Getting fixed in Bangalore (Bengaluru), India

KALIM REPAIRS JEWELLERY in Jewellers Street in the Commercial Street district of Bangalore (Bengaluru). He sits on the pavement on the shaded east side of the street in the morning and in the afternoon,  he moves to the west side to keep out of the sun. He can mend almost every kind of jewellery. When restringing necklaces, he uses both his hands and his feet, to keep the thread taut.

 

Kalim at work

Kalim is one of many people we visit in the Commercial Street area to get repairs done. These craftsmen include tailors, a bag repairer, dyers, darners, watch repairers, locksmiths, and jewellers. We have known all of them for years.

 

The great thing about these skilled workers is that they will skilfully repair almost anything. On the UK,  people like this are few and far between.

 

You can read about these wonderful people in and around Commercial Street in my book “88 DAYS IN INDIA: A JOURNEY OF MEMORY AND DISCOVERY”.

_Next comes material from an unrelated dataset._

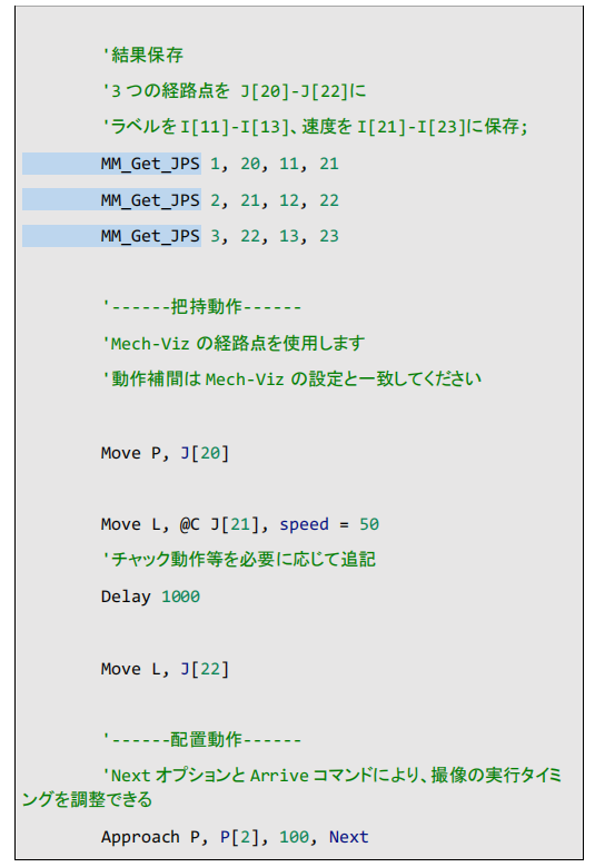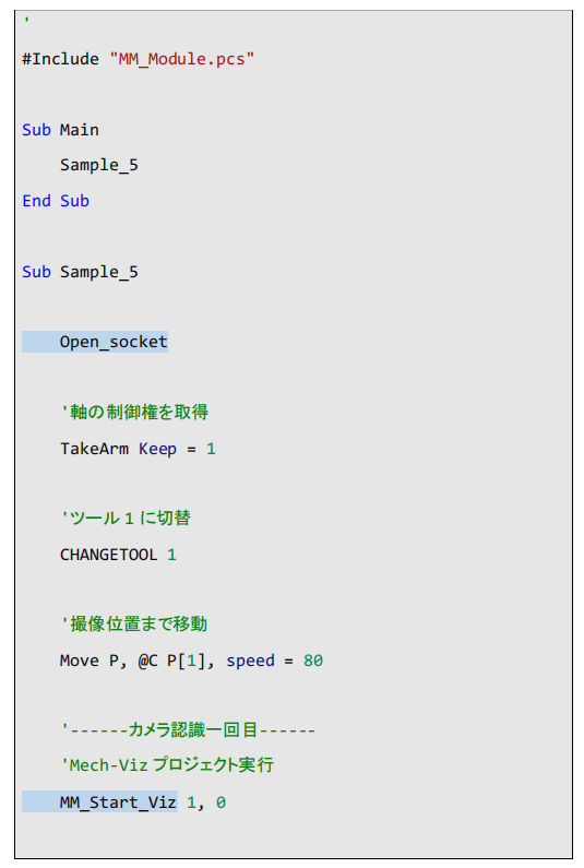 サンプル⑤「MM_S05」は、通常のMech-Vizを利用したフロー( サンプル②)を元に、生産ラインに運用される際注意すべき点を配慮しながら、処理を行います。

The book is available from Amazon https://www.amazon.co.uk/88-DAYS-INDIA-JOURNEY-DISCOVERY/dp/B0FKTFBFM2/

He moves with the sun on Jewellers Street in Bangalore

JEWELLERS STREET RUNS in a north/south direction. In the morning, the sun shines on the west side of the street and in the afternoon, on the east side. As its name suggests, the street is lined with many shops selling jewellery.

Jewellery breaks sometimes, but it can often be repaired. K is a jewellery repairer. In the morning he sits working in the shade on the pavement on the east side of the street, outside a particular shop. In the afternoon, you will find him outside a shop close to a silver and hold plating shop on the west side of the street.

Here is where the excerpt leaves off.